> _The task_
Copy exactly, beginning with the line holding "Galeri PHDI Ketua" and ending with the final line of the data beneath this task; copy nothing else, and leave out every picture.

Dataset section section start

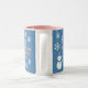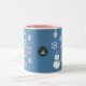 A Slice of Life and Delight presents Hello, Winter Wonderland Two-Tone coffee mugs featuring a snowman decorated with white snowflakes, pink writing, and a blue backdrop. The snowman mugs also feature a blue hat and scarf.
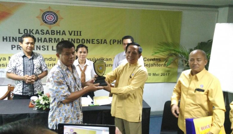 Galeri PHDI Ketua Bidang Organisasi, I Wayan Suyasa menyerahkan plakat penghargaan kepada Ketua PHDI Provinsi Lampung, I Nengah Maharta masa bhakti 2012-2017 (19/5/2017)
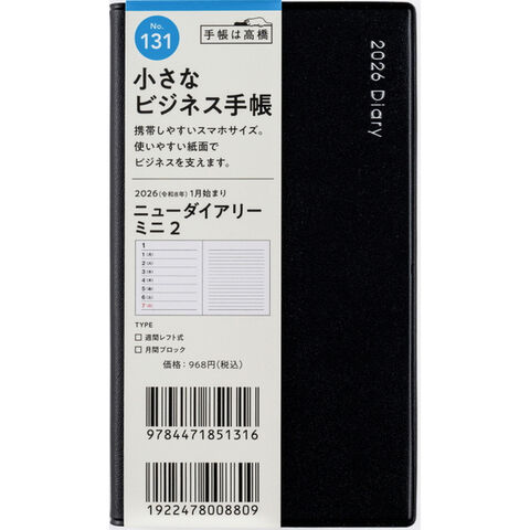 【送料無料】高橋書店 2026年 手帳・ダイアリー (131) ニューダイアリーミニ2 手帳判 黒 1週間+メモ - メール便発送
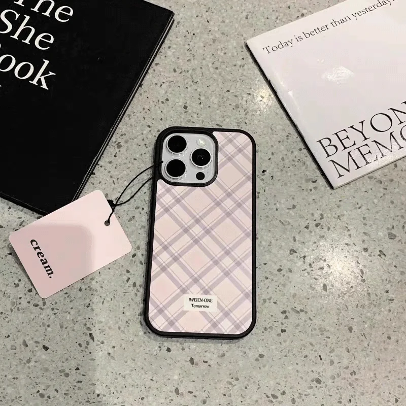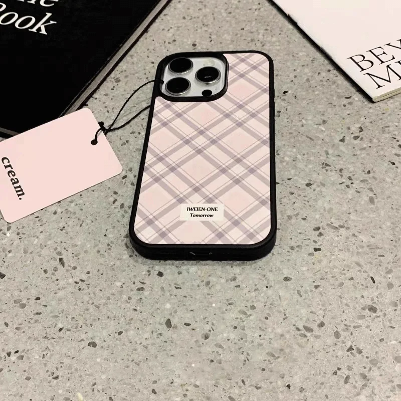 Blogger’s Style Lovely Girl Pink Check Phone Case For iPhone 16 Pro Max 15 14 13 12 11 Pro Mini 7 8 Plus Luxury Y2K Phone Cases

Dataset section section end

> _Result of this task_
 Galeri PHDI Ketua Bidang Organisasi, I Wayan Suyasa menyerahkan plakat penghargaan kepada Ketua PHDI Provinsi Lampung, I Nengah Maharta masa bhakti 2012-2017 (19/5/2017)
 【送料無料】高橋書店 2026年 手帳・ダイアリー (131) ニューダイアリーミニ2 手帳判 黒 1週間+メモ - メール便発送
 Blogger’s Style Lovely Girl Pink Check Phone Case For iPhone 16 Pro Max 15 14 13 12 11 Pro Mini 7 8 Plus Luxury Y2K Phone Cases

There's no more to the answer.